WHAT NEEDS TO BE DONE | Repeat exactly the lines running from the first line of the data to the line containing "خرید اینترنتی یقه", both ends included, and nothing else; drop the pictures.

BEGIN PROVIDED RECORDS

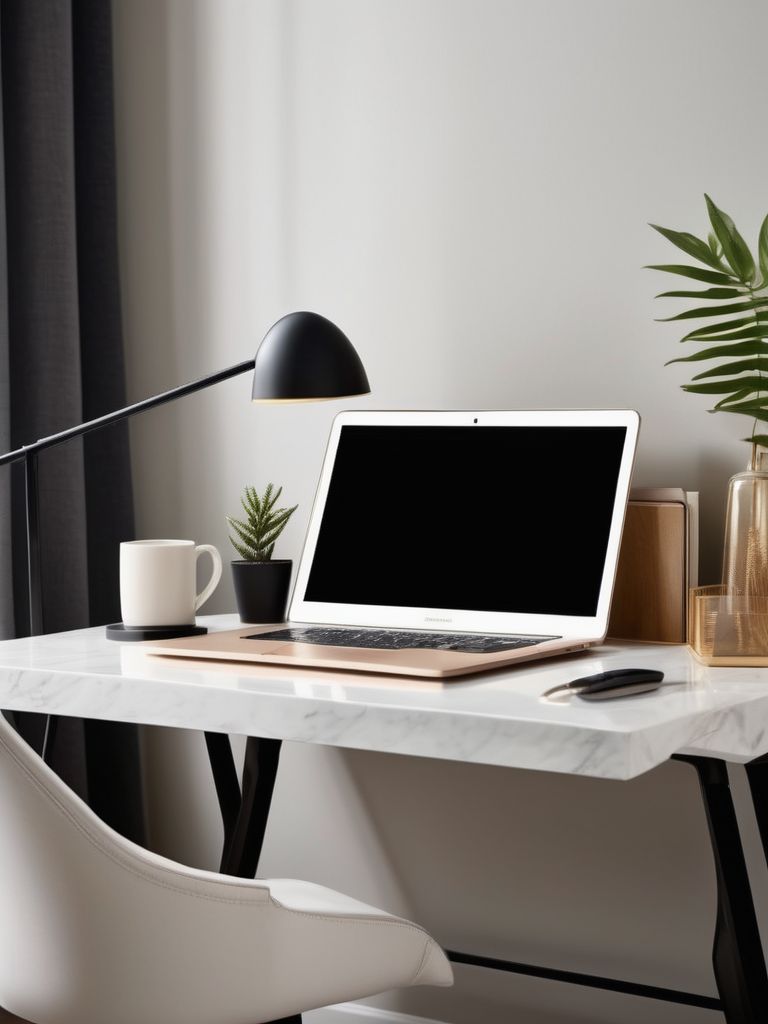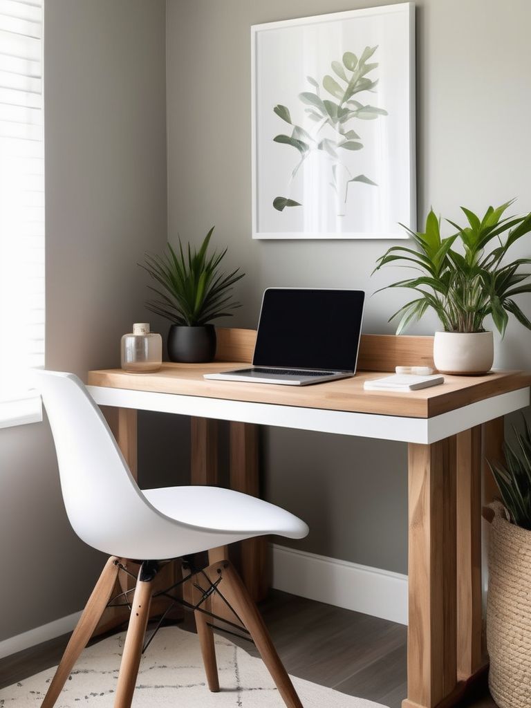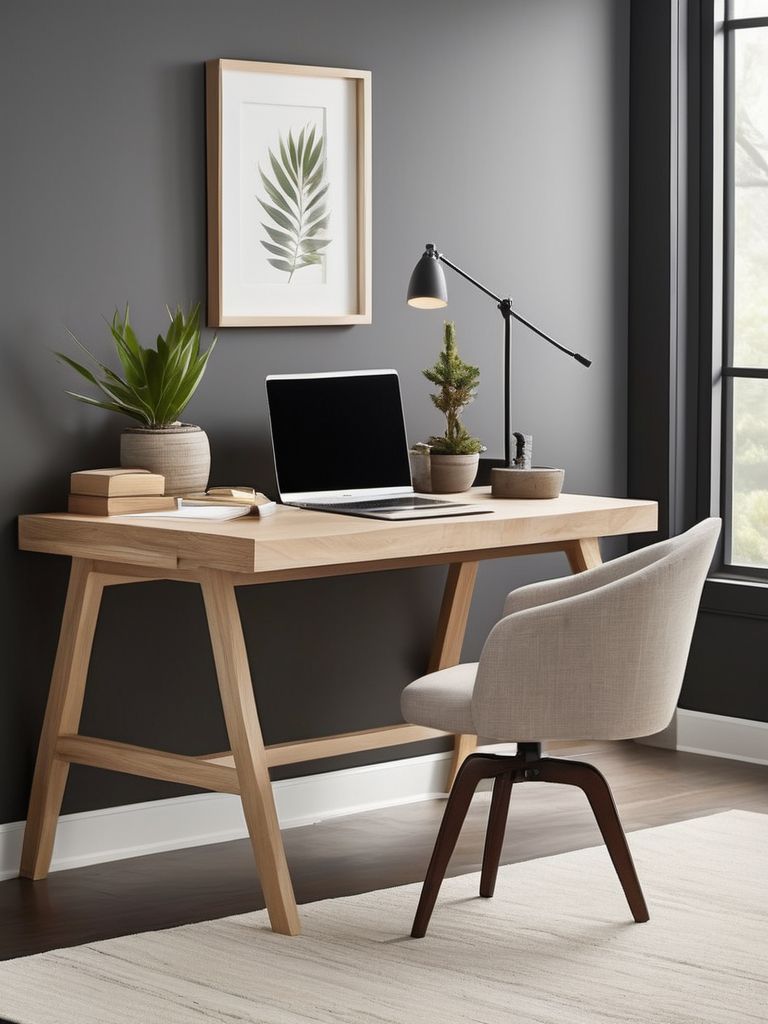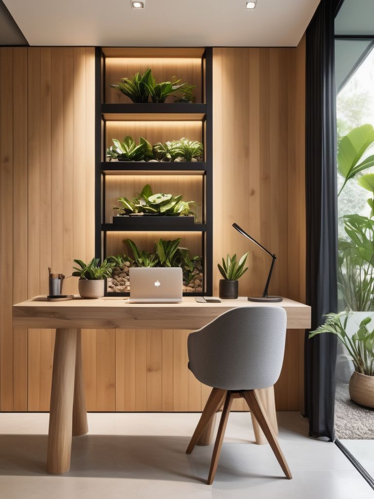 Minimalist desk, Ergonomic chair, Neutral-colored wall art, Natural wood shelving, Tabletop water fountainDescription
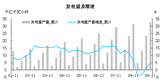 2009年1-11月累計發(fā)電量為32916.4億千瓦,同比增長5.2%,比1-8月增長率提高4.37個百分點,繼前三季度的轉(zhuǎn)正之后迅速上升。
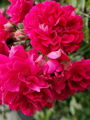 The roses growing in the garden are very beautiful
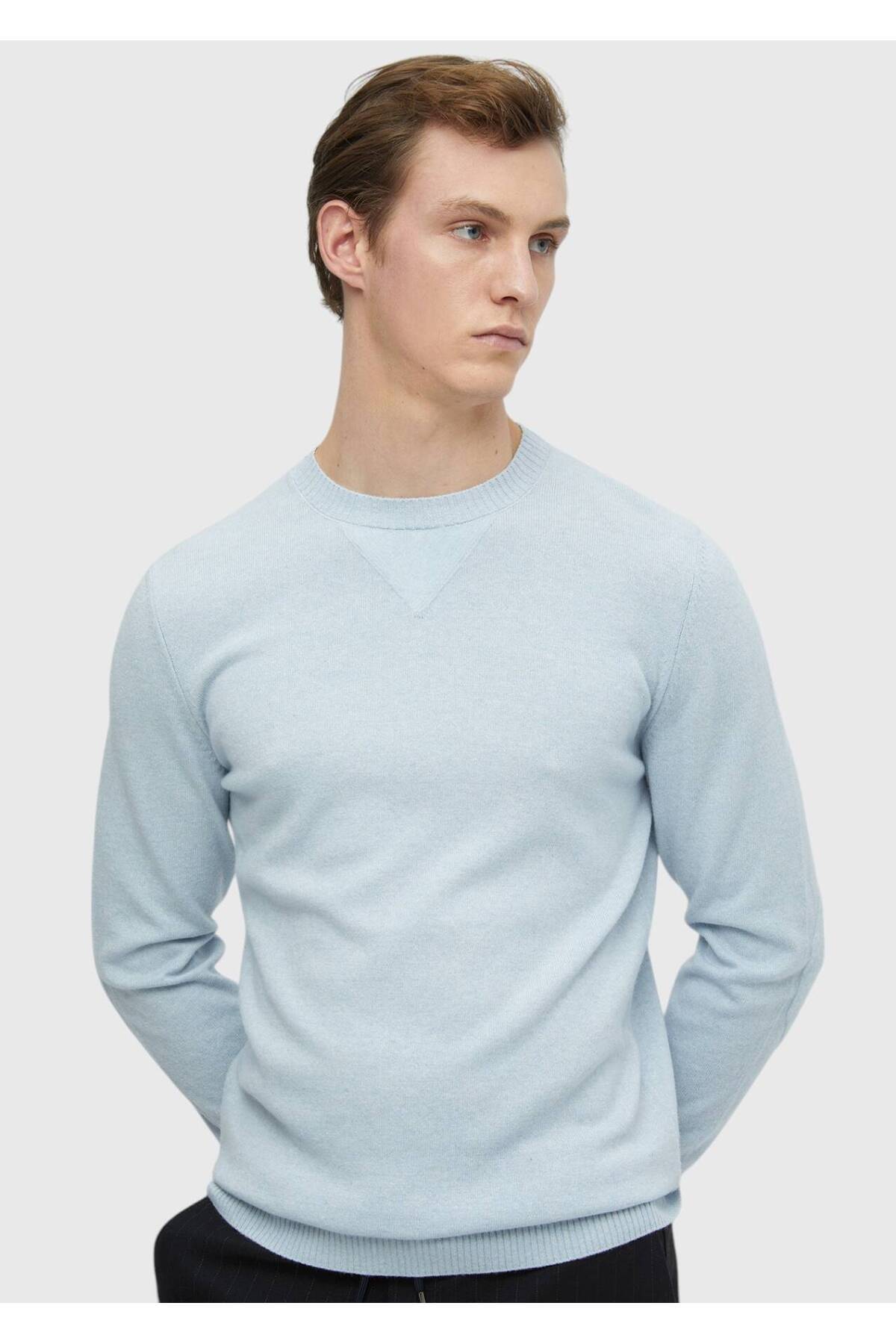 خرید اینترنتی یقه یقه آبی روشن ژاکت بافتنی پشمی ساده بافتنی برند رمزی Ramsey اورجینال از RAMSEY نمایندگی ترکیه
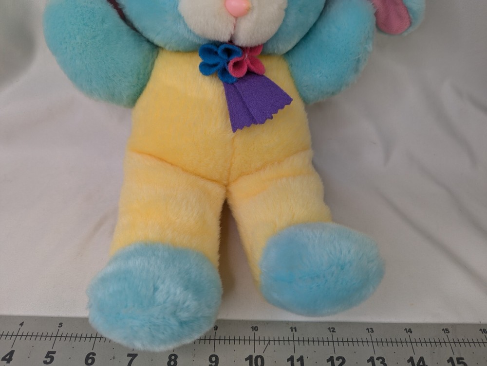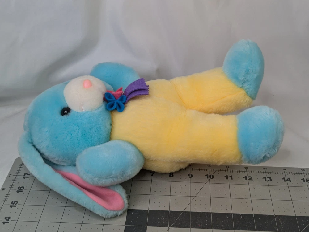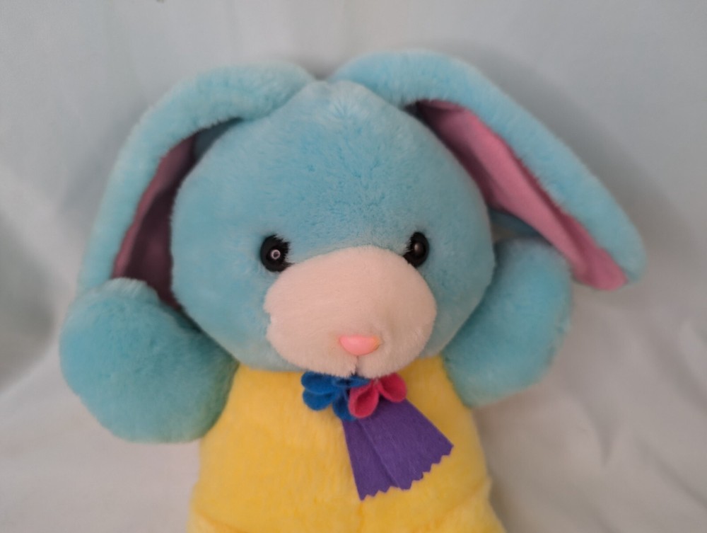 Bunny Rabbit Plush Blue Yellow 13 Inch Dan Dee Imports 1988 Stuffed Animal Toy - great pre-owned condition, light play wear from play/handling, please view all pics.
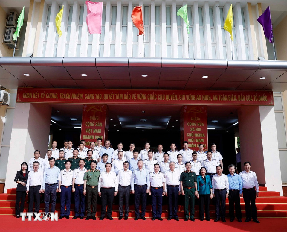 Tổng Bí thư Tô Lâm với các đại biểu tại Bộ Tư lệnh Vùng Cảnh sát Biển 4. (Ảnh: Thống Nhất/TTXVN)
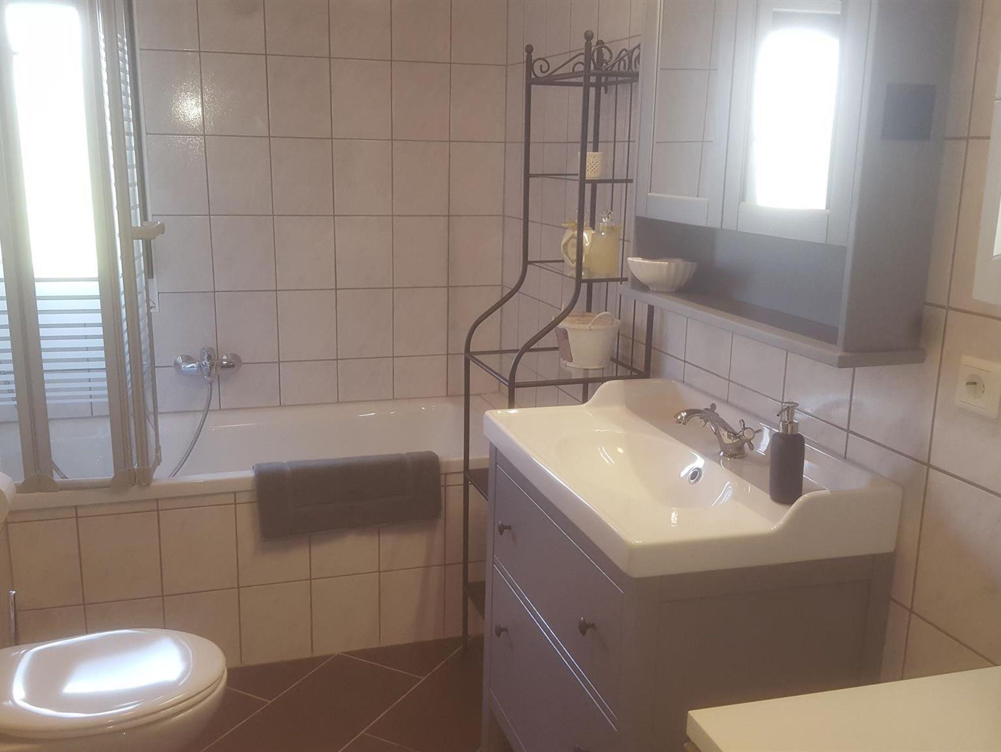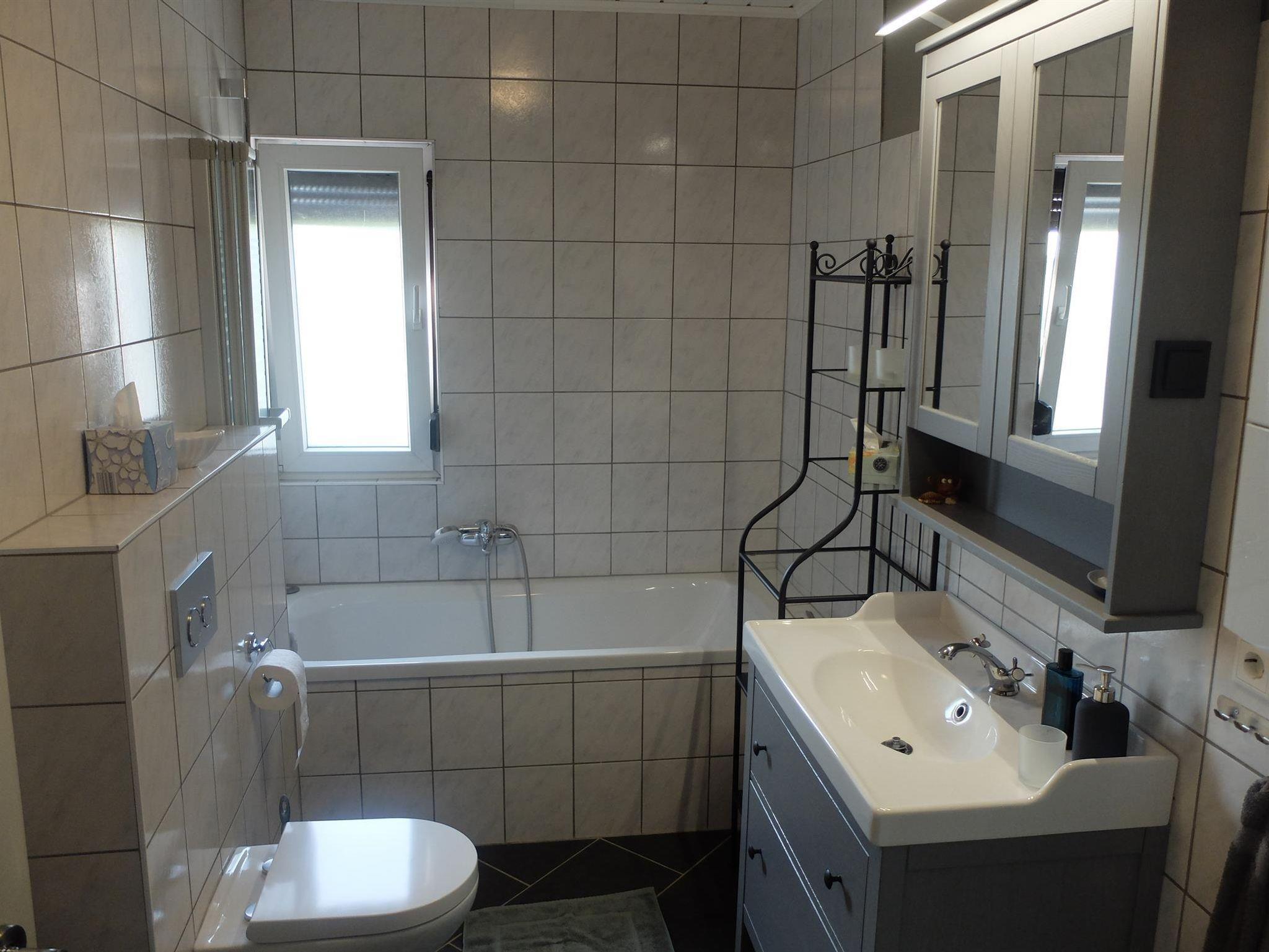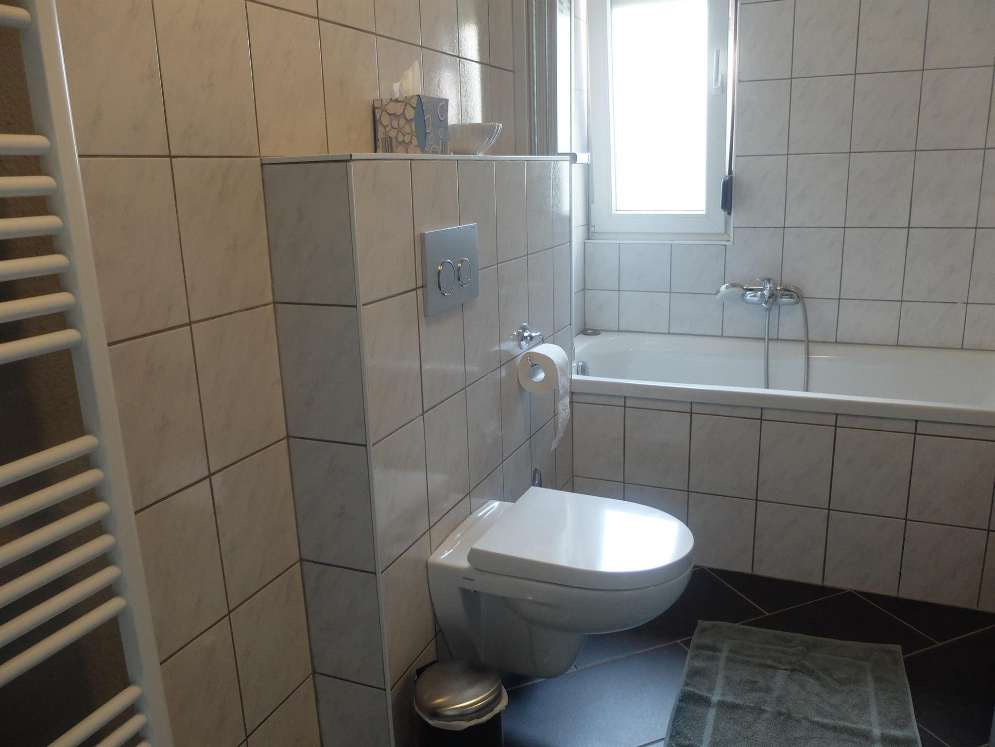 Im Tageslicht-Bad befinden sich Badewanne mit Duschmöglichkeit, WC und ein komfortabler Waschtisch.

END PROVIDED RECORDS

SOLUTION TO THIS PROBLEM |
 Minimalist desk, Ergonomic chair, Neutral-colored wall art, Natural wood shelving, Tabletop water fountainDescription
 2009年1-11月累計發(fā)電量為32916.4億千瓦,同比增長5.2%,比1-8月增長率提高4.37個百分點,繼前三季度的轉(zhuǎn)正之后迅速上升。
 The roses growing in the garden are very beautiful
 خرید اینترنتی یقه یقه آبی روشن ژاکت بافتنی پشمی ساده بافتنی برند رمزی Ramsey اورجینال از RAMSEY نمایندگی ترکیه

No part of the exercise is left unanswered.